Пра все более и более восторгается Эвой Адольфовной.
А м. б. Вы уже далеки от всего этого.
Трещат цикады. На воле чудно — огромная, тихая ночь.
Я буду счастлива, я знаю, что существенно и не существенно, я умею удерживаться и не удерживаться, у меня ничего нельзя отнять. Раз внутри — значит мое. И с людьми, как с деревьями: дерево мое — и не знает, так же человек, душа его.
Со мной даже бороться нельзя: я внешне ничего не беру — и никто не знает, как много — внутри.
Желтый и синий лев (подарок Э<вы> А<дольфовны> и Петра Н<иколаевича>[284]) смотрит одобрительно. Он сидит рядом с львиной тарелкой[285] с одной стороны и настоящим Левой — с другой.
Автомобиль, пламенно вымытый обормотами, уехал краситься, и вернется вместе с Вами (?) через неделю.
Привет обоим белым волкам.[286]
МЭ.
Коктебель, 28-го мая 1913 г.
Милый Михаил Соломонович,
Сначала хроника: сегодня утром приехала невероятная, долгожданная, мифическая „мамаша“,[287] в к<оторую> так не верила Пра, и — представьте себе! — я пожертвовала этим зрелищем для того, чтобы писать Вам письмо.

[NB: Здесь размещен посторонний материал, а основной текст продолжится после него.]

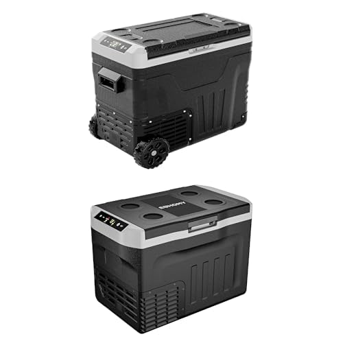 Two Zones & Mobile Design; The portable fridge features two storage zones to effectively reduce odors. With a 53Quart large capacity, two storage baskets, and a removable divider, the portable refrigerator is convenient to store and access all your food. The 12 volt refrigerator comes with dual handles and off-road wheels, making it portable and easy to move, lightening your load on the journey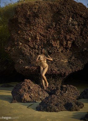 Описание: Расположившись рядом со скалами на пляже, смуглая и полностью голая девушка с влажными длинными волосами начинает красиво позировать и грациозно прогибаться. Наслаждаясь происходящим, молоденькая стройняшка подробно показала натуральные сиськи с немного набрякшими сосочками и бритую письку с попочкой, в процессе стараясь ставить руки на талию.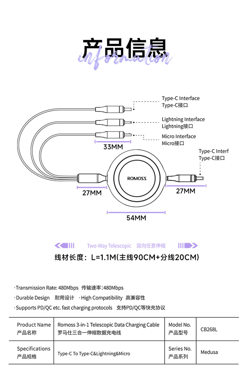 品名 羅馬仕一拖三數據線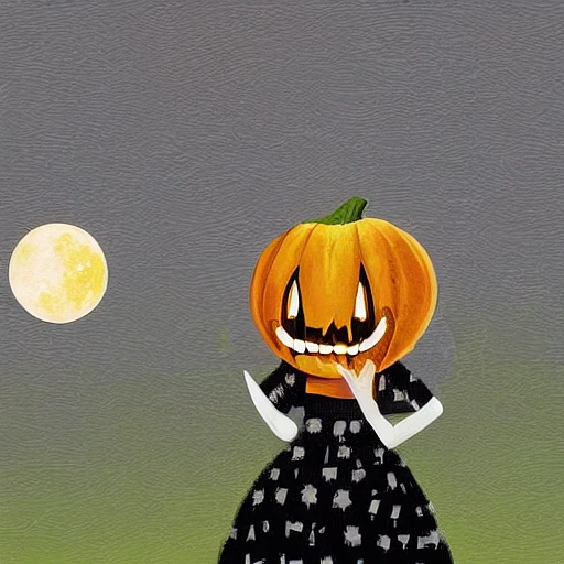 Digital art pumpkin headed queen wearing a tight black dress being under the harvest moon, pumpkin for head, digital art
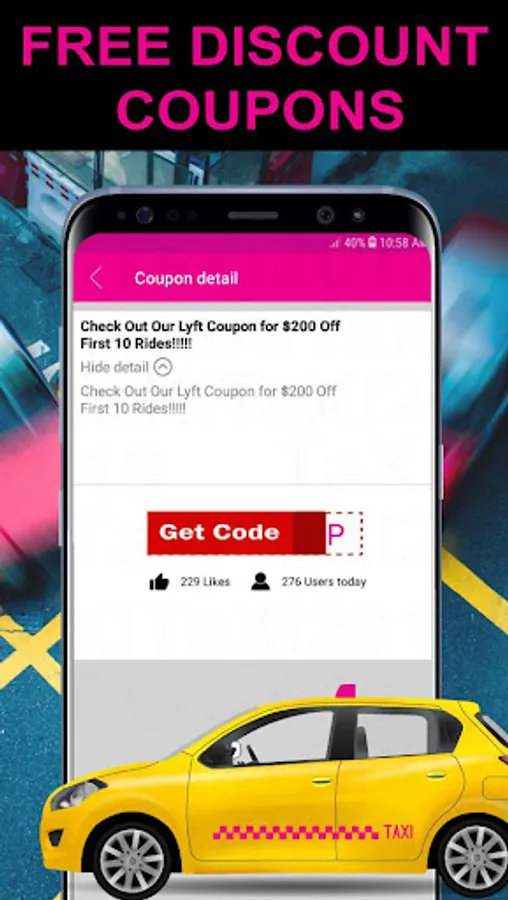 Save big with discount coupons and promo codes for Lyft rideshare. Pay less on your taxi rides with Lyft promo codes and coupons now. Lyft coupon is ready for instant use, and thus instant savings. It does not matter if it is normal ride or share ride, the Lyft promo codes and discounts are all applicable. Find the available taxi nearby your pickup point and get pick up in just few minutes. Drivers are friendly and offer good services. Simply use the Lyft promo codes coupons in the app when you call for the taxi ride. The Lyft coupon discounts will be automatically used for you. You may even get free credits which mean you pay less on your ride or you even ride for free!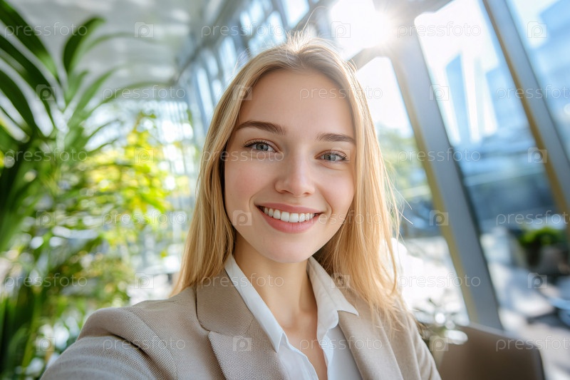 Профессиональное селфи в современном зеленом офисе с солнечным светом и растениями

— Цените? — Вчера Лиля, Эва Адольфовна и Сережа уехали первые, я осталась одна у Петра Николаевича. Пили кофе. Он закатывал глаза, говорил туманно и прерывал свою пламенную речь озабоченными восклицаниями, вроде: „А Вам, может быть, мало сахара?“ Я, не смущаясь, говорила дальше. Потом пришла Потапенко[288] — одна из жен знаменитого писателя, — и повела нас обедать в какую-то невероятную семью — невероятную своей естественностью, нормальностью провинциализма. Мне сначала понравились эти маленькие, „уютные“ комнатки, но потом вдруг стало гнусно. Кроме матери и пятерых детей — всех черных — был еще белый кот, пара тому, черному, у Рогозинских.[289] Что это был за кот! Длинный, худой, цепкий, с бело-желтыми глазами и хриплым, унылым, каким-то предсмертным голосом. Я сделала попытку приласкать его, но не могла. Выходя из этого милого семейства, П<етр> Н<иколаевич> сказал: — „Нет, Марина, не верьте, что этот кот когда-нибудь был хорошим. Такие коты хорошими не бывают“. — О его прежней хорошести говорила хозяйка в оправдание настоящей его гнусности.

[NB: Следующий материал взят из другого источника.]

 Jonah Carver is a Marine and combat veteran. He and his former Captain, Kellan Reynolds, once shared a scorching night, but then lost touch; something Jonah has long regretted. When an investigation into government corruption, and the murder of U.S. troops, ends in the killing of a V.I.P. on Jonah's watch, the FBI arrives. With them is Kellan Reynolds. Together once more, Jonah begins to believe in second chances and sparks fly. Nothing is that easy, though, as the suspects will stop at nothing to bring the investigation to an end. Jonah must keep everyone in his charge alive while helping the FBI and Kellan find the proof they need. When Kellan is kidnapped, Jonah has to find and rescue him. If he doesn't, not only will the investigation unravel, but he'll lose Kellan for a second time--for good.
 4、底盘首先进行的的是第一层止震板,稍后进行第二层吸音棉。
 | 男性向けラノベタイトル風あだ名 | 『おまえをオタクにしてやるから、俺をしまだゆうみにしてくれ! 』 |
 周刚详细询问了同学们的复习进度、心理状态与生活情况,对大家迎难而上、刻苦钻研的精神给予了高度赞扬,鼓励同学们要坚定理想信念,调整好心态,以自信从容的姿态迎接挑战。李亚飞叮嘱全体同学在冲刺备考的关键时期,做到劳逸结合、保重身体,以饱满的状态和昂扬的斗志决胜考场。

Да! Утром, в 5 часов, Эва Адольфовна и Лиля отправились на пристань и пропустили пароход с Соколом,[290] к<отор>ый, как оказалось после, вообще не приехал.

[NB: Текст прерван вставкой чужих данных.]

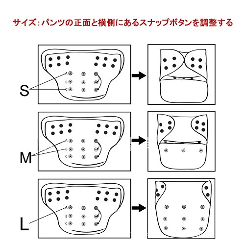 パンツの前面と横にスナップボタンが付きで、ウェストは横ボタン、股上は前面ボタンで、簡単にS/M/Lサイズを調整できます。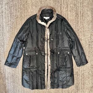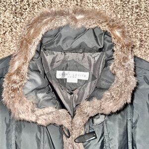 Larry Levine Down Real Rabbit Trim Outerwear Puffer Jacket Black Brown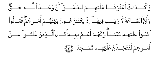21. Wakathalika aAAtharna AAalayhim liyaAAlamoo anna waAAda Allahi haqqun waanna alsaAAata la rayba feeha ith yatanazaAAoona baynahum amrahum faqaloo ibnoo AAalayhim bunyanan rabbuhum aAAlamu bihim qala allatheena ghalaboo AAala amrihim lanattakhithanna AAalayhim masjidan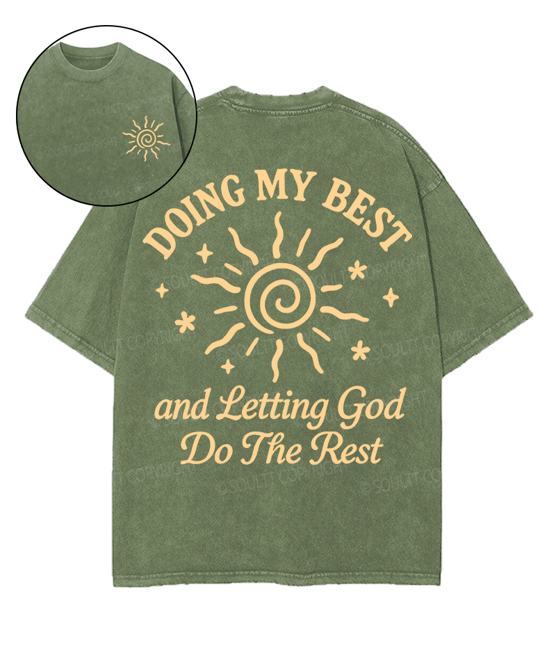 Doing My Best And Leatting God Double Sided Unisex Washed Christian T-shirt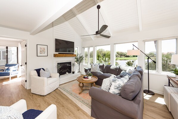 Beautifully renovated Sealoft complete with lagoon views from any of the 3 porches. This free standing Villa has 2 bedrooms, 2 baths and an additional loft space used as the 3rd bedroom. The chef ready kitchen is fully stocked with everything you'll need to prepare meals, including double convection ovens, work station sink, quartz countertops and oversized refrigerator. Cozy family room with plenty of seating plus electric fireplace, oversize streaming capable 55 inch TV & sound bar. Master bedroom with king bed, bathroom, TV and private porch..a perfect spot for morning coffee with views of the lagoon and golf course. The secondary bedroom is a great place to relax after the beach with a queen size bed, crisp linen sheets & streaming capable TV. The upstairs loft has 2 twin beds, streaming capable TV & sit down Pac man/Galaga game for added entertainment on those rainy days . Outside an additional rooftop porch is a great spot to read a book, stare at the stars with the provided telescope, or relax with a glass of wine. Within walking distance to the beach and steps away to the private community pool, Seabrook Island is a gated beach community with equestrian center, tennis courts, 2 golf courses, beach front pools and restaurant. . Additionally, The Lake House has a fitness center, outdoor pool, playground, basketball court, lake & indoor pool. Within 10 minutes to Freshfields Village for retail shopping, groceries, restaurants and shopping and located only 40 minutes to Historic Downtown Charleston, this home is truly the perfect Island getaway!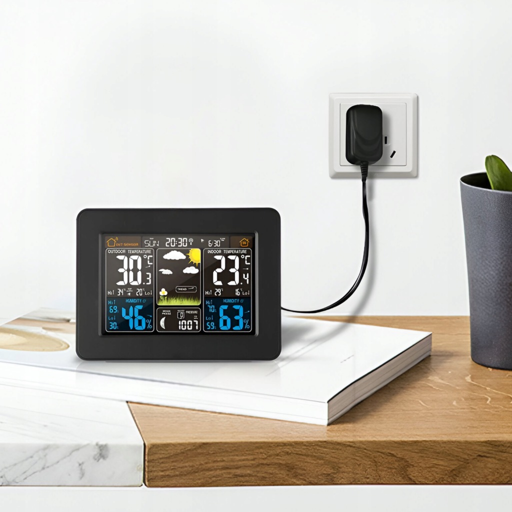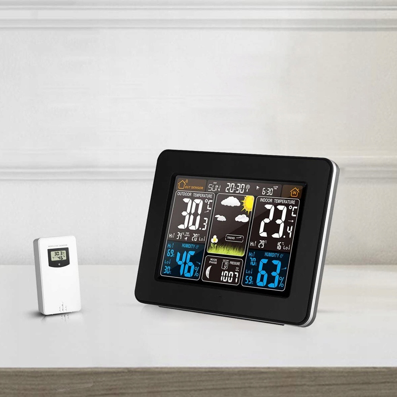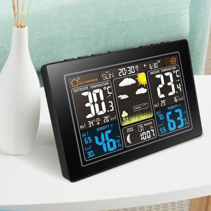 сучасна багатофункціональна метеостанція з великим і чітким РК-дисплеєм інтуїтивно зрозуміла і проста у використанні . відмінно підійде в будь-якому будинку, квартирі, офісі. За допомогою підставки ви можете розмістити її в будь-якому місці, на столі, столі, холодильнику, полиці. він відмінно вписується в декор приміщень своїм тонким зовнішнім виглядом, а його великий дисплей дозволяє легко читати.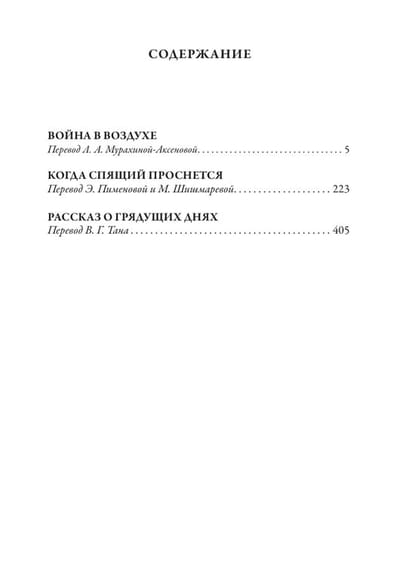 Herbert Wells was keenly interested in the future. The powerful impetus that the writer gave to science fiction can still be felt today. His novel "War in the Air" he wrote in 1907 - just a few years after the first flights of the Wright brothers. Knowledge and intuition allowed Wells to draw bold pictures of the future, but the main thing in them - not predicting the monorail, motorcycles or large-scale development of the air ocean, but a premonition of the inevitable world war, which draws in its deadly maelstrom more and more countries. Unfortunately, Wells' foresight came true in 1914. The writer had a chance to see the Second World War, which he also predicted. It is not by chance that in 1941, five years before his death, Wells wished that the text of the epitaph, printed after his death was the phrase "I warned you. You damned fools!". Another famous novel of the writer - "When the Sleeper Wakes" - can be attributed to the genre of dystopias. Amended and revised version of it was published in 1910. The success of this novel, as well as almost all the works of Wells, was based not so much on colorful descriptions of life in the distant XXI century, as on the disappointing social predictions of the writer, who argued that in the distant future, one tyranny will still be replaced by another, and the life of the common man, on whom little depends, will remain unsettling. And in the twenty-first century, these masterfully written works continue to retain their extraordinary popularity. The design of the collection includes more than a hundred illustrations by foreign artists: A. Michael, A. Lano, F. Jenishek and E. Sullivan.

— Майя вчера ходила в белой головной повязке, Тюня в красивой прическе, делавшей ее похожей на английскую гравюру. Они очень подружились, сидели по обеим сторонам Макса, но когда Тюня нацепила Максу бантик и обезобразила этим его до крайности, Майя, совсем бледная, вышла.
Погода чудная, яркая, жаркая. Вчера Ванда Александровна[291] привезла огромную корзину черешен, — я вспомнила о Вас.
Гудит автомобиль, — кто-то уезжает в Феодосию.
— Без Вас наша жизнь потеряла много остроты. Многое еще хотелось бы Вам сказать.
Всего лучшего, до свидания.
МЭ.
Коктебель, 28-го мая 1913 г., вторник
Милый Михаил Соломонович,
Сегодня я узнала от Э<вы> А<дольфовны>, что Вы не приедете. Когда Вы это узнали, вспомнили ли Вы мое предсказание?
— Очень жаль! Вы застали здесь только предчувствие лета. А сейчас жара, синева. Мы будем ночью ходить в горы. Хорошо будет ночевать на воле! Разожжем костер, возьмем с собой чайник, черешен, увидим восход луны и солнца.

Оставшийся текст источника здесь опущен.